Trent smiled and nodded to the mercenary holding me.

"You were worthless when you were broken, my dear," Trent stated loudly, his cold voice ringing across the ruined bloody safehouse, ensuring every bleeding alpha trapped in the red room heard the final conclusion of the Northern siege.

"But now... now you are priceless."

The mercenary hauled me roughly toward the shattered front doorway.

I was dragged screaming out of the ruined safehouse, out into the freezing dark night air where a armored black transport waited anonymously at the end of the long dirt road — leaving the three alphas I had refused to seal the tether with rapidly bleeding out on the cold floor of the cage they had built to save me.

25

HAYES

Physical pain wasn't an abstract concept relegated to combat theory. It was a burning, localized reality tearing through the center of my chest and my left shoulder.

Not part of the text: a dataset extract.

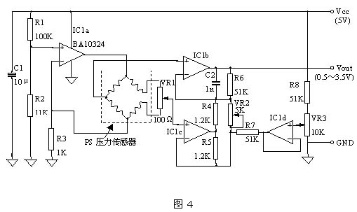 由于橋路失衡時(shí)的輸出電壓比較小,所以必須用運(yùn)放IC1b和IC1C來進(jìn)行放大。圖中VR1為偏置調(diào)整,VR2為壓力靈敏度調(diào)整,VR3為沒有加壓時(shí)輸出電壓調(diào)整,C1、C2用于去除噪聲。另外,如果電源電壓波動(dòng)的話,將引起輸出電壓的變化,所以必須給電路提供一個(gè)穩(wěn)定的電源。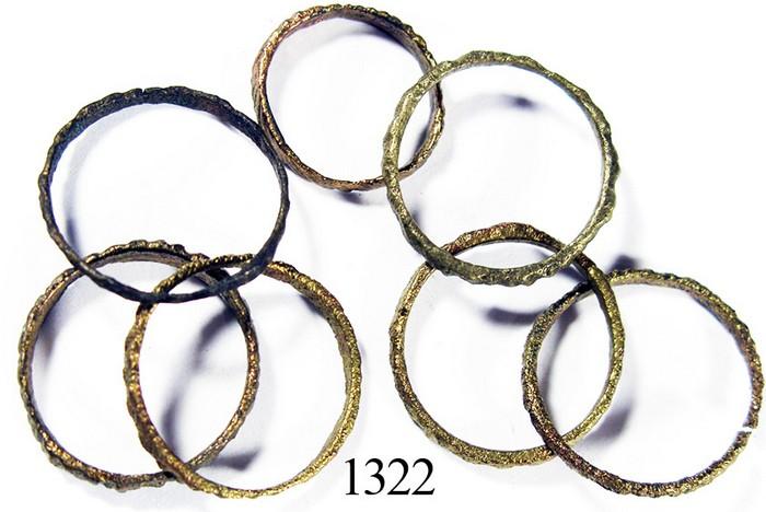 Lot of 7 bronze rings. 6.6 grams, each about ¾" in diameter. Seven thin and fairly plain (modest design only) rings of fairly large diameter that are fragile but probably still wearable as intact, just a bit worn, somewhat brassy in color. Recovered from: "Cidade Velha wrecks," sunk in the late 1500s off the Cape Verde Islands, west of Africa. With Arqueonautas certificate #AGO-050/98/956.01, 876.01, 922.03.

I was kneeling on the shattered stone tiles in the obliterated safehouse sitting room, my right hand pressed hard against the wet, torn fabric of my dark dress shirt, trying to staunch the heavy, rhythmic flow of blood.

The suppressed kinetic slugs hadn't pierced my magically hardened ribcage, but the raw crushing force of the impacts at point-blank range had pulverized the dense muscle tissue and fractured the bone beneath it.

I didn't care about the fractures. I barely felt them in the adrenaline haze.

The only thing I felt was the devastating, hollow silence echoing from the narrow hallway behind my bleeding back.

She was gone.

I coughed — a wet, rattling sound tearing from my throat — my vision swimming dangerously as the blood loss compounded the exhaustion of fighting an elite extraction team without a magical conduit.

"Hayes."

Barely a raspy whisper in the dark, destroyed room.

I forced my blurring eyes open.

Chris was dragging himself slowly across the bloody stone floor, his entire frame trembling as the crippling shock of the nullification blast began to loosen its grip on his ancient magical core.